The lawyers at Oberheiden & McMurrey, LLP are former federal prosecutors and experienced criminal defense counsel. If you are facing criminal charges, or if you are accused of being a member of a drug conspiracy, you should give our trusted team a call immediately to discuss your case. The consultation is free and confidential. Find out what former federal prosecutors have to say about your case! Call: 1-800-810-0259
Drug Conspiracy Explained
(1) Agreement: One or two people must agree to commit a crime. Although many conspiracies involve an express agreement (i.e. two or more people discuss and agree to rob a bank), it is sufficient for the government to prove what is called an indirect or implicit agreement. Under an indirect agreement, it is clear from the circumstances that all participants were planning to, or, in fact, did execute a crime, even though they may not have stated it explicitly.
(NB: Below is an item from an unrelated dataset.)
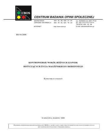 CENTRUM BADANIA OPINII SPOŁECZNEJ SEKRETARIAT OŚRODEK INFORMACJI 629 - 35 - 69, 628 - 37 - 04 693 - 46 - 92, 625 - 76 - 23 INTERNET http://www.cbos.pl UL. ŻURAWIA 4A, SKR. PT.24 00 - 503 W A R S Z A W A TELEFAX 629 - 40 - 89 E-mail: [email protected] BS/54/2008 KONTROWERSJE WOKÓŁ RÓŻNYCH ZJAWISK DOTYCZĄCYCH ŻYCIA MAŁŻEŃSKIEGO I RODZINNEGO KOMUNIKAT Z BADAŃ WARSZAWA, MARZEC 2008 PRZEDRUK I ROZPOWSZECHNIANIE MATERIAŁÓW CBOS W CAŁOŚCI LUB W CZĘŚCI ORAZ WYKORZYSTANIE DANYCH EMPIRYCZNYCH JEST DOZWOLONE WYŁĄCZNIE Z PODANIEM ŹRÓDŁA KONTROWERSJE WOKÓŁ RÓŻNYCH ZJAWISK DOTYCZĄCYCH ŻYCIA MAŁŻEŃSKIEGO I RODZINNEGO ¾ W porównaniu z sytuacją z 1996 roku opinie społeczne na temat prawdopodobnych przyczyn odkładania przez młodych ludzi decyzji o małżeństwie uległy istotnym zmianom. Już nie trudności materialne czy problemy mieszkaniowe, jak dwanaście lat temu, stanowią – zdaniem Polaków – podstawowy powód przedłużającego się panieństwa czy kawalerstwa, lecz raczej czynniki psychologiczne oraz prowadzony tryb życia, związany chociażby ze sferą zawodową. ¾ W opiniach na temat związków kohabitacyjnych Polacy są dość mocno podzieleni. Stosunkowo największą grupę (41%) stanowią respondenci, którzy za wskazane, choć nieobligatoryjne, uznają zawarcie małżeństwa przez osoby żyjące ze sobą bez ślubu. ¾ Jedna trzecia badanych (33%) wychodzi z założenia, że najważniejszy jest ślub kościelny, który niesie ze sobą skutki prawne, czyli tzw. konkordatowy. Jednak niemal tyle samo ankietowanych (32%) uważa, że tak naprawdę rodzaj ślubu jest bez znaczenia, a decyzja o nim powinna należeć wyłącznie do osób, które się pobierają. ¾ Polacy w zdecydowanej większości (67%) uważają, że życie singli nie jest ciekawsze niż tych, którzy tworzą trwałe związki. Życie w pojedynkę popiera niespełna jedna czwarta badanych (23%). ¾ Spośród różnych zachowań przedstawionych respondentom bezwzględnemu potępieniu podlega bicie dzieci. Najbardziej podzielone są opinie na temat rozwodów i życia w związku bez ślubu, a znacznie więcej zwolenników niż przeciwników mają takie zachowania, jak: stosowanie środków antykoncepcyjnych oraz współżycie przedmałżeńskie. Badanie „Aktualne problemy i wydarzenia” (213), 1–4 lutego 2008 roku, reprezentatywna próba losowa dorosłych mieszkańców Polski (N=1137). Rodzina w Polsce, podobnie jak w innych krajach, podlega istotnym przemianom. Opóźnia się wiek zawierania małżeństw, wzrasta liczba rozwodów i separacji, ludzie częściej decydują się na życie w pojedynkę, coraz większą popularnością cieszą się alternatywne formy życia małżeńskiego – tzw. związki kohabitacyjne, stosunkowo częstym zjawiskiem są rodziny niepełne oraz samotni rodzice wychowujący dzieci. W związku z powyższymi trendami zmieniają się również sposoby myślenia o małżeństwie i rodzinie. Liberalizacji podlegają opinie dotyczące różnych zjawisk i zachowań związanych zarówno z życiem małżeńskim, jak i rodzinnym. W jednym z naszych ostatnich badań1 zapytaliśmy Polaków o ich stosunek m.in. do takich kwestii, jak: odkładanie decyzji o małżeństwie, pozostawanie w związku nieformalnym czy też życie w pojedynkę2. BARIERY UTRUDNIAJĄCE ZAŁOŻENIE RODZINY Z danych Głównego Urzędu Statystycznego3 wynika, że – po tendencji spadkowej – od 2003 roku obserwuje się ponowny wzrost liczby nowo zawartych małżeństw, co z pewnością w istotnym stopniu jest spowodowane wstąpieniem w wiek prokreacyjny osób z tzw. wyżu demograficznego przełomu lat siedemdziesiątych i osiemdziesiątych. Nie zmienia się natomiast trend związany z opóźnianiem decyzji o małżeństwie i wzrostem wieku nowożeńców. Jak podaje GUS, na początku lat dziewięćdziesiątych ponad połowa mężczyzn zawierających małżeństwo nie osiągała wieku 25 lat, a w roku 2006 – już tylko jedna czwarta (27%). Wśród kobiet liczba ta zmalała o jedną trzecią (z 73% do 48%). 1 Badanie „Aktualne problemy i wydarzenia” (213) zrealizowano w dniach 1–4 lutego 2008 roku na liczącej 1137 osób reprezentatywnej próbie losowej dorosłych mieszkańców Polski. 2 Stosunek do rozwodów przedstawiliśmy w odrębnym komunikacie. Zob. komunikat CBOS „Stosunek Polaków do rozwodów”, marzec 2008. 3 www.stat.gov.pl -2Przyczyn spadku gotowości do zawierania małżeństw w przypadku kobiet respondenci upatrują obecnie przede wszystkim w obawie przed nieudanym małżeństwem. Opinię taką wyraża blisko połowa ankietowanych (48%). Mniej więcej dwie piąte badanych uważa, że kobiety nie chcą zakładać rodziny z uwagi na fakt, że może to stanowić przeszkodę w ich karierze zawodowej (40%), jak również z tego względu, że nie mają odpowiednich warunków mieszkaniowych (39%). Ponad jedna trzecia respondentów wymienia w tym względzie trudności ze znalezieniem odpowiedniego kandydata na męża (36%), a także dążenie współczesnych kobiet do życia bez zobowiązań (36%) oraz ich obawę przed pogorszeniem własnej sytuacji materialnej w związku z założeniem rodziny (35%). Zdecydowanie rzadziej do głównych przyczyn odkładania przez panie decyzji o małżeństwie lub rezygnacji przez nie z tej formy życia ankietowani zaliczają obawę przed obowiązkami rodzicielskimi (16%), brak chęci posiadania dzieci (10%) oraz inne względy. CBOS RYS. 1. OBECNIE W POLSCE CZĘŚĆ MŁODYCH LUDZI, KTÓRZY SĄ W WIEKU ODPOWIEDNIM DO ZAŁOŻENIA RODZINY, NIE WSTĘPUJE W ZWIĄZEK MAŁŻEŃSKI. JAK PAN(I) SĄDZI, DLACZEGO KOBIETY NIE WYCHODZĄ ZA MĄŻ, MĘŻCZYŹNI SIĘ NIE ŻENIĄ? 36% Wybierają tzw. wolność, a więc życie bez zobowiązań Nie mogą znaleźć odpowiedniego kandydata na męża/odpowiedniej kandydatki na żonę 27% 36% 10% 9% Nie chcą mieć dzieci Obawiają się nieudanego małżeństwa 48% 27% 16% Obawiają się obowiązków rodzicielskich Obaw

Members of a conspiracy do not have to know all the details, but they have to know and agree to, even implicitly, a basic illegal purpose. Further, it is not necessary that members of a conspiracy know the identity of all the other members. In fact, many conspiracies involve people that have never heard of one another and never dealt with one another directly; nonetheless, all members are ultimately connected through other members or the common goal to commit a crime. Importantly, a single, one-time agreement establishes one conspiracy even though there might be several criminal objectives.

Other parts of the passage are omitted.